Chaos Engineering Basics
Your Task API is running in production with three replicas. Kubernetes promises self-healing: if a pod dies, ReplicaSet spawns a replacement. But have you seen it happen? Do you know how long recovery takes? What happens to in-flight requests during the transition?
Most teams discover the answers during a real outage. At 3am. With customers waiting.
Chaos engineering inverts this pattern. Instead of waiting for failures to find you, you inject failures intentionally. You break things on purpose, in controlled conditions, during business hours, with monitoring ready. When the real outage comes, you've already seen it. You've already fixed the gaps. You sleep through the night because you've proven your system recovers.
This lesson teaches the "break things on purpose" philosophy and gives you the tools to practice it safely.
The Four Principles of Chaos Engineering
Chaos engineering isn't random destruction. It's hypothesis-driven experimentation with clear methodology.
Principle 1: Start with a Hypothesis
Every chaos experiment begins with a specific, falsifiable prediction:
"If I kill one Task API pod, Kubernetes will spawn a replacement within 30 seconds, and no requests will return 5xx errors during the transition."
This is not "let's see what happens." You're stating what you expect, then testing whether reality matches expectation. If it doesn't, you've learned something valuable.
Good hypotheses are specific:
- "Recovery within 30 seconds" (measurable)
- "No 5xx errors" (observable)
- "One pod failure" (scoped)
Bad hypotheses are vague:
- "The system should handle failures" (how?)
- "Things should be fine" (what does "fine" mean?)
Principle 2: Vary Real-World Events
Inject failures that actually happen in production:
- Pods crash (OOMKilled, process failure)
- Network partitions (cloud provider issues)
- Disk fills up (log accumulation)
- CPU spikes (noisy neighbors)
Don't waste time on failures that never occur. Focus on what your monitoring has shown you (or what similar systems experience).
Principle 3: Minimize Blast Radius
Start small. Always.
| Phase | Blast Radius | Environment |
|---|---|---|
| First test | One pod | Staging |
| Confidence building | 50% of pods | Staging |
| Pre-production | One pod | Production (off-peak) |
| Ongoing validation | One pod | Production (scheduled) |
Never start with "kill all pods in production." That's not chaos engineering; that's chaos.

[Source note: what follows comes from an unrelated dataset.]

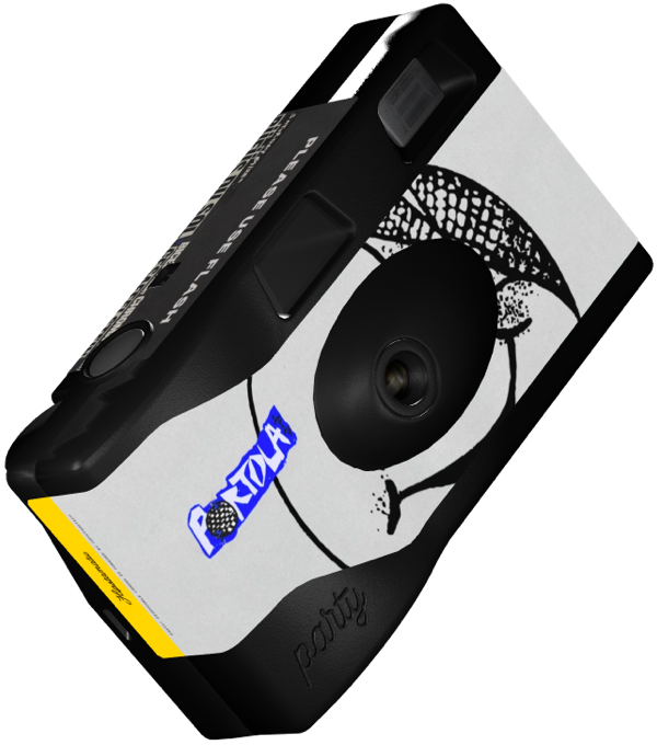 Give away custom branded Party! cameras to your audience.

Principle 4: Run Experiments Continuously
A single successful test proves nothing. Systems change. Dependencies update. New code deploys. Last month's passing test may fail today.
Schedule regular chaos experiments:
- Weekly: Core services (Task API pod kill)
- Monthly: Cross-service failures (database unavailable)
- Quarterly: Full Game Day exercises
Chaos Mesh: CNCF Chaos Engineering Platform
Chaos Mesh is a CNCF project for Kubernetes-native chaos engineering. It provides CRDs (Custom Resource Definitions) that let you describe experiments declaratively, the same way you describe deployments.
Installing Chaos Mesh
Install Chaos Mesh with namespace filtering enabled. This ensures experiments only run against namespaces you explicitly allow:
# Add Chaos Mesh Helm repository
helm repo add chaos-mesh https://charts.chaos-mesh.org
helm repo update
# Install with namespace filtering (experiments require annotation)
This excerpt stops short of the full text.